- Millie McKenzie: Love has its own particular point of view. It sees everything larger than life. Nothing is too ornate, too fanciful, too dramatic. Love demands the theatrical, and then transfigures it. It turns the grotesque into the lovely, as a child does. With it, we can see what we wish to see in other people. Without it, we can't see anything at all. We can search forever, and never find.
- Narrator: [closing narration] The Lady Anne never reached port. After they were picked up by a cutter a few hours later, as Captain Protheroe had promised, the Ransomes searched the newspapers for news - but there wasn't any news. The Lady Anne with all her crew and all her passengers vanished without a trace. But the Ransomes knew what had happened, they knew that the ship had sailed off to a better port - a place called The Twilight Zone.

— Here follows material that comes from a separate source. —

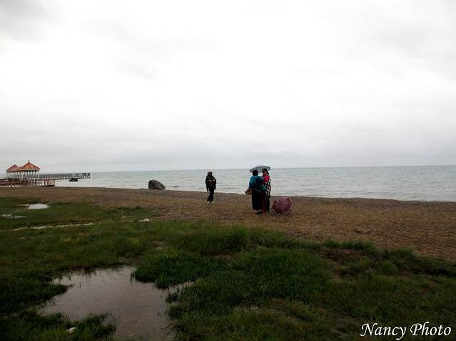 观光车把我们送到湖边,雨天,游客非常少
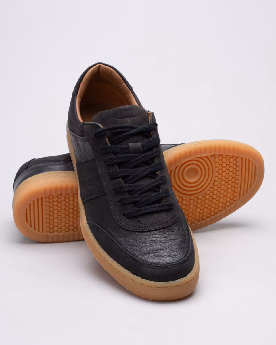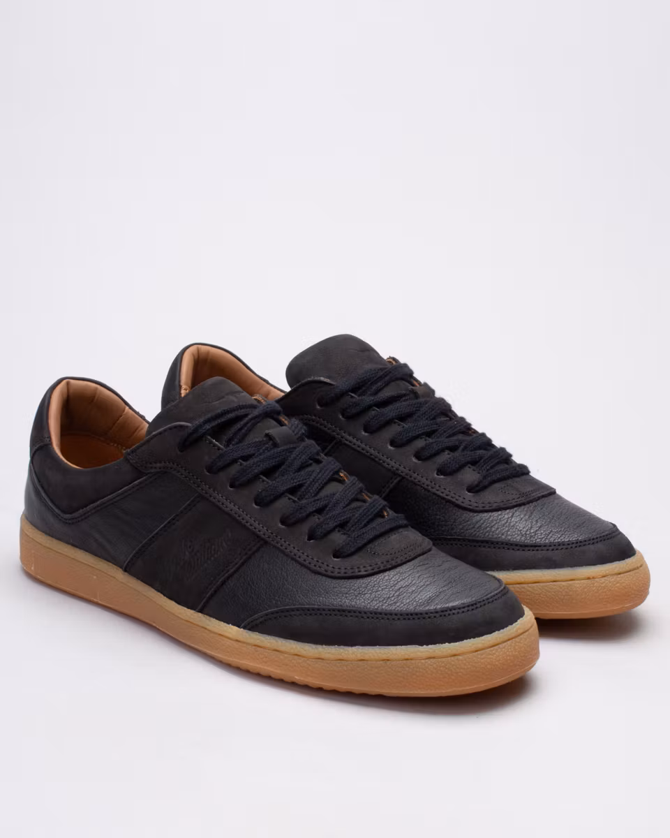 Sneakers from R.M. Williams. Upper in black calf leather with black nubuck detailing. Fully leather lined. Removable, leather-lined insole. Rubber outsole. Made in Portugal.

- Narrator: [opening narration] Portrait of a honeymoon couple getting ready for a journey - with a difference. These newlyweds have been married for six years, and they're not taking this honeymoon to start their life but rather to save it, or so Eileen Ransome thinks. She doesn't know why she insisted on a ship for this voyage, except that it would give them some time, and she'd never been on one before - certainly never one like the Lady Anne. The tickets read 'New York to Southampton', but this old liner is going somewhere else. Its destination - The Twilight Zone.